И ещё лежала одна бумажка, действительно ценная. «Уважаемая Клавдия Акимовна! Убедительно прошу вас отпустить мою дочь с третьего урока. С уважением Г. Романов».
Это была настоящая Горина записка — с прошлого года. В «Обуви» на Смоленской площади Нине обещали продать очень практичные и очень красивые французские сапожки, Стеллин размер. Идти в назначенный час было некому. Счастье это выпало самой Стелле — так и возникла записка.

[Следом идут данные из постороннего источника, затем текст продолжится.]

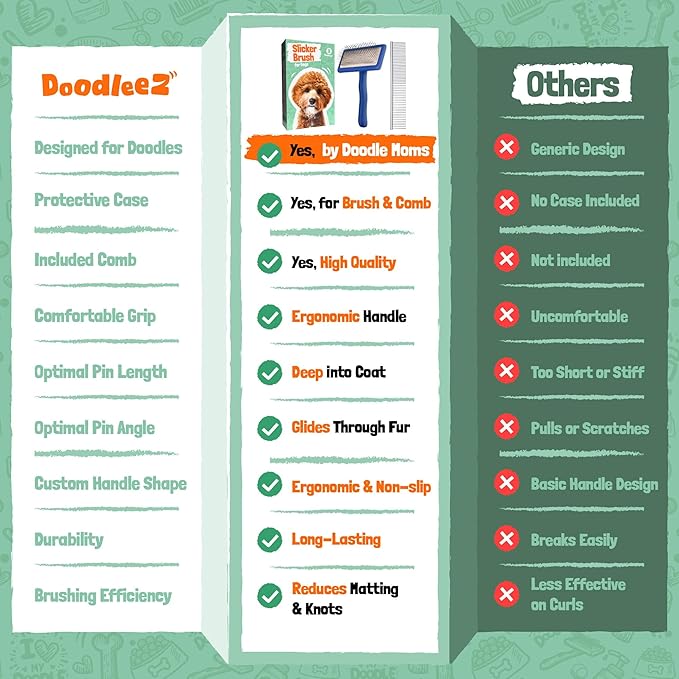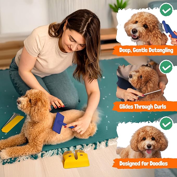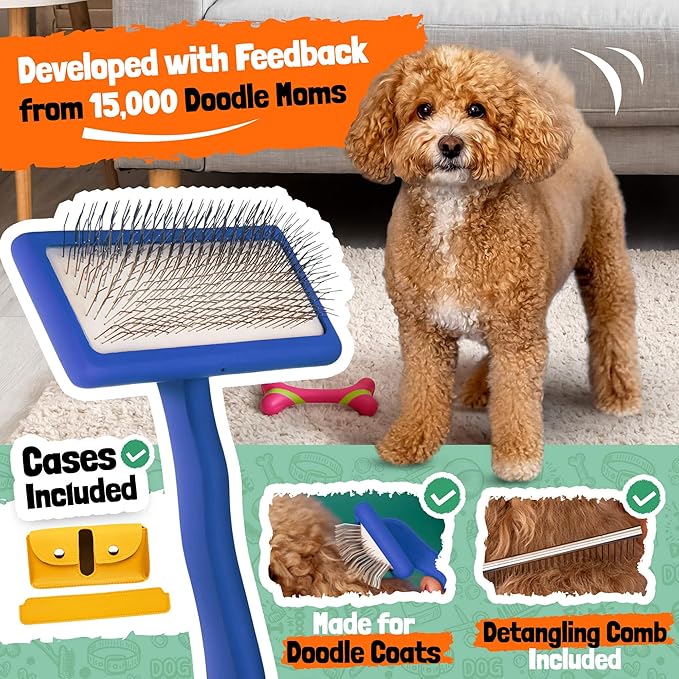 - [DESIGNED BY DOODLE MOMS] Built with real feedback, our doodle slicker brush was crafted to handle tough coats. Whether you need a goldendoodle brush or a slicker brush for poodles, this kit is made with love by Doodle Moms who know curly coats best.
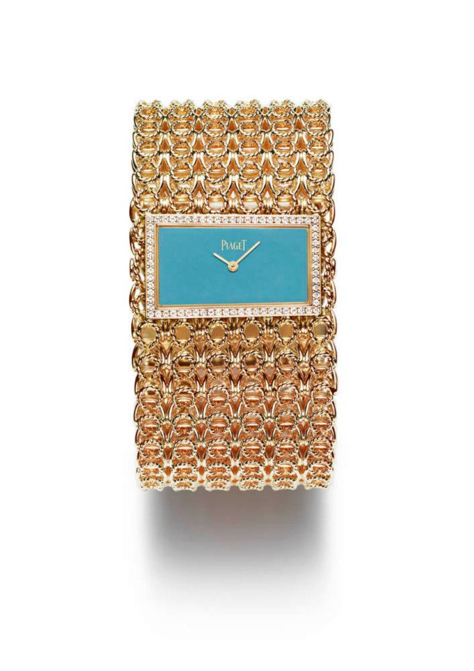 - Reloj-brazalete en oro rosa trenzado, engastado en 69 diamantes corte brillante. Carátula de turquesa. Movimiento cuarzo Piaget 56P.
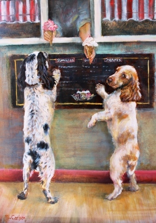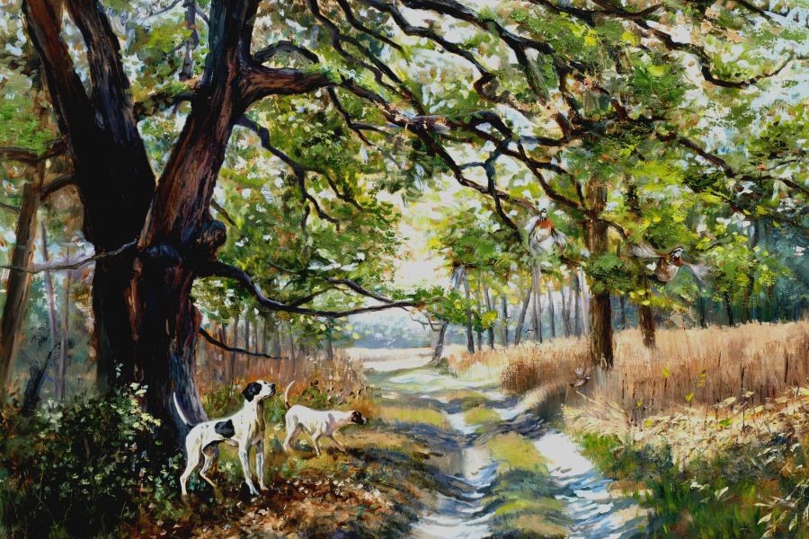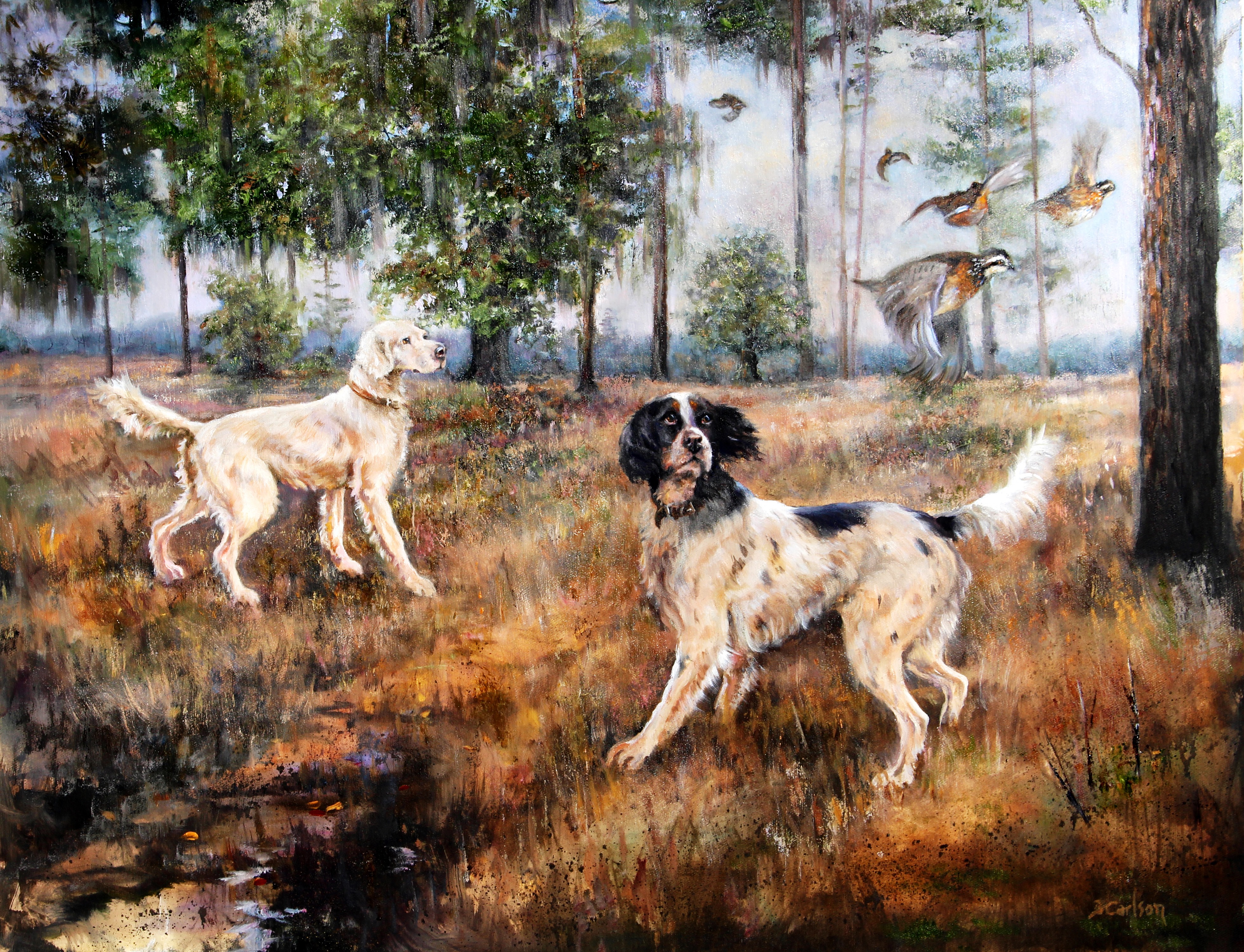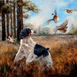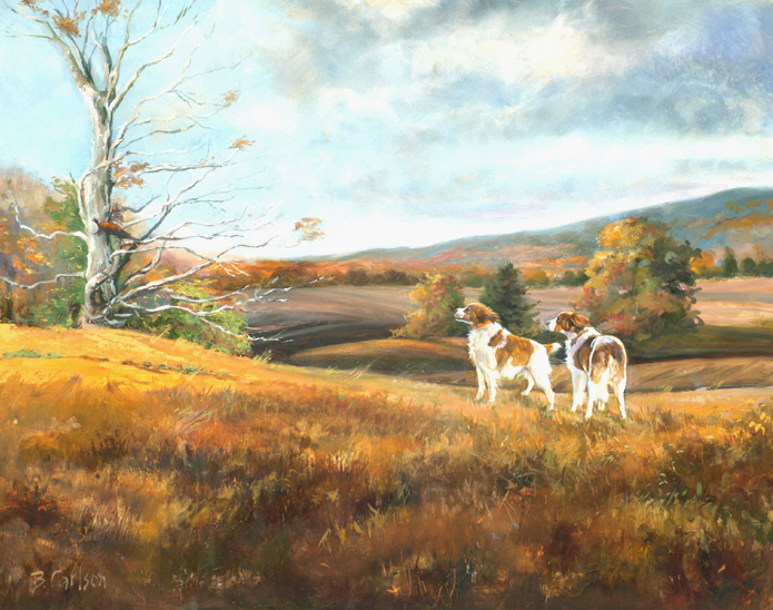 Beth Carlson’s sporting paintings, portraits and narrative paintings are coveted by many collectors across the country. For sporting collectors, the excitement of the flush, the beauty of the hunting dogs, the prize at the end of the day; Beth Carlson's paintings have soul and capture the excitement of the hunt for both the hunter and dog. In her narrative paintings Beth proves to be a witty story teller of a dog’s life. For portraiture her ability to constantly capture an individual animal’s personality and physical characteristics can be directly attributed to her far-reaching knowledge pertaining to animals in general. “She possesses a conviction of accuracy and authenticity which are both necessary and appreciated by her collectors,” says Robert Abbett about Carlson’s work.

В школе она, конечно, похвалилась этой запиской девочке, с которой тогда сидела, Барсовской Ире. А эта Ирка ей и говорит, что, мол, такая записочка век может служить. Надо её аккуратно перевести на другую бумажку. И бумажку отдать, а записку настоящую оставить. Потом пользоваться!
Стелла так и сделала (а способов перевода существует как минимум четыре, да и не мне учить читателя!). Поддельную записку благополучно отдала, а настоящую оставила. Но с тех пор не пользовалась ею ни разу, только вот теперь.

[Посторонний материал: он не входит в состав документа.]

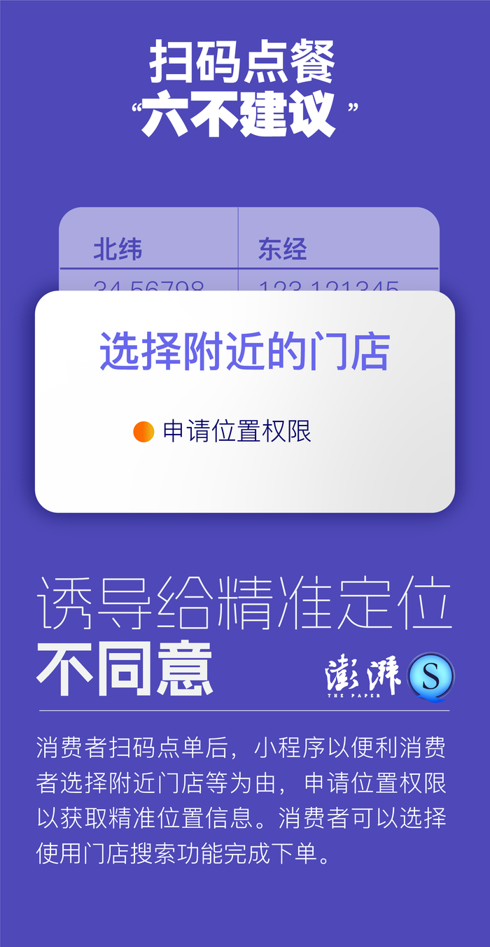 消费者扫码点单后,小程序以优化服务体验、提供会员折扣等名义,反复出现弹窗申请,诱导消费者授权精准位置或手机号等个人信息,或者诱导消费者关注企业公众号。消费者可以根据自身选择服务的需要谨慎提供个人信息。
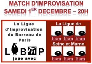 L’événement Match d'Improvisation : Ligue d'Improvisation du Barreau de Paris et Ligue de Seine et Marne de type Improvisation, organisé ici :
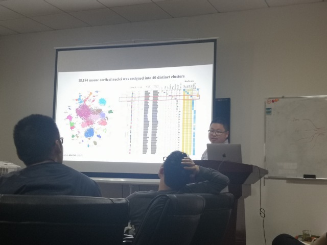 胡鹏博士首先介绍了单细胞测序技术的研究进展以及多种高通量测序技术优缺点,对于一些较难分离完整单细胞悬液的组织或者冷冻样品,单细胞核测序技术有着明显的优势,胡鹏博士通过研发高通量高通量细胞核测序技术(sNucDrop-seq),系统的解析了小鼠大脑中40多种不同的细胞类型,其研究成果发表于cell子刊molecular cell。进一步利用这项技术解析了小鼠心肌症模型中不同细胞类型特异的调控网络,其成果发表于国际知名期刊Genes & Development. 随后介绍了最新正在研究中的新生转录本单细胞标记技术,通过这项技术可以在单细胞水平研究mRNA的代谢动力学。最后,通过展示单细胞测序技术应用于小鼠垂体上研究的例子,为我们揭示了如何通过这项技术来解决实际的生物学问题。引发与会人员的广泛兴趣。雷竞技raybat竞猜相关科研人员和研究生认真听取了报告,并就感兴趣的问题与胡博士展开了热烈的交流和讨论。
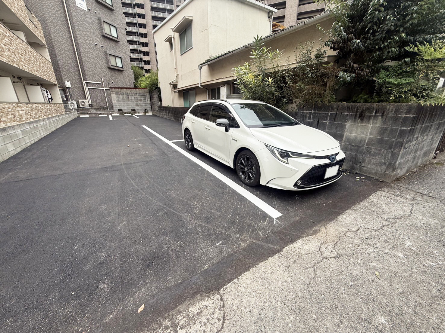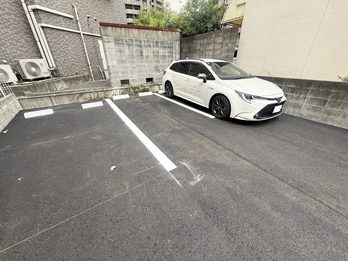 縦列駐車の区画には、車の出入りや切り替えし時等に邪魔にならないように、片側のみの車止めを設置しました。
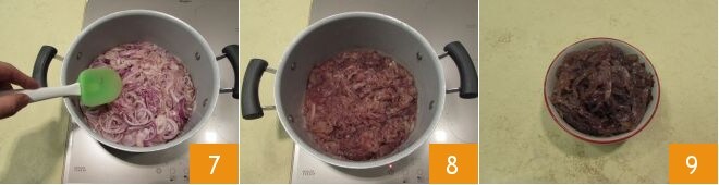 Cozinhe por cerca de uma hora em fogo moderado 7, mexendo de vez em quando com delicadeza para não desmanchar as cebolas. Ao final do cozimento, verifique a temperatura com um termômetro de cozinha, deve chegar a 108°; a mistura estará escurecida e o líquido quase todo evaporado 8. Suas cebolas de Tropea caramelizadas estão prontas, coloque-as em uma tigela e saboreie para acompanhar carnes ou em crocantes torradas de pão 9!

Весьма тщательно перевела записку. Учительницы по домоводству Клавдии Акимовны давно уже не было. Поэтому записка приобрела такой не в меру суровый вид: «Убедительно прошу отпустить мою дочь с третьего урока. С уважением Г. Романов»… Должно сойти!

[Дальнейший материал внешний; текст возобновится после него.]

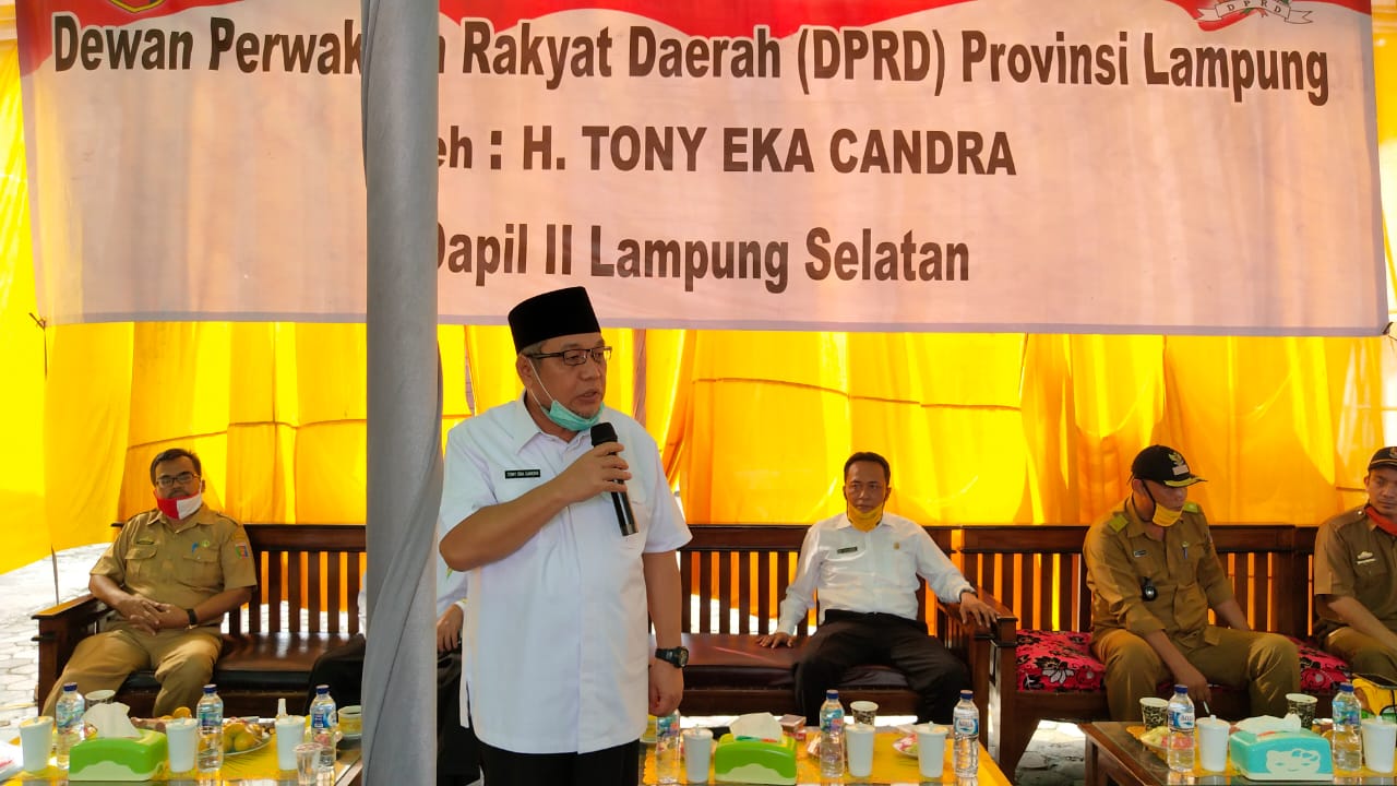 Dalam sambutannya, H. Tony Eka Candra (TEC) yang juga selaku Ketua Forum Anggota DPRD Provinsi Lampung Dapil II Lampung Selatan menjelaskan, bantuan ini sejalan dengan Instruksi serta arahan Ketua DPD Partai Golkar Provinsi Lampung yang juga Gubernur Lampung Bapak Ir. H. Arinal Djunaidi, bahwa Kelembagaan Partai Golkar dan Anggota Fraksi Partai Golkar di Legislatif, baik DPRD Provinsi serta DPRD Kabupaten/Kota wajib berpartisipasi aktif mendukung dan membantu upaya Pemerintah dalam percepatan, pencegahan, penanggulangan penyebaran wabah Covid-19 di daerah masing-masing.

— У тебя же написано: «С третьего», — сказала биологиня, — а у нас теперь четвёртый.
— А я с математики не хотела уходить, — наврала Стелла.
— А с биологии, значит, хочешь?
Очень глупо вышло! И ей ничего не оставалось, как врать далее. Изображая в голосе горе и печаль, она сказала:
— Я же не виновата, если мне надо!
Странная всё-таки вещь, эта жизнь. У Стеллы предостаточно было настоящего горя и настоящей печали. Но для убедительности (а может, по въевшейся за века во многие поколения учеников привычке врать учителям) она врала. Да ещё так жалобно, что самой противно.
Милая биологиня, которая всегда и во всём стремилась защищать окружающую её среду, сейчас же стала защищать и Стеллу Романову.
— Ну иди, — она сказала. — Я же тебя только спросила, иди! — и даже забыла взять поддельную записку.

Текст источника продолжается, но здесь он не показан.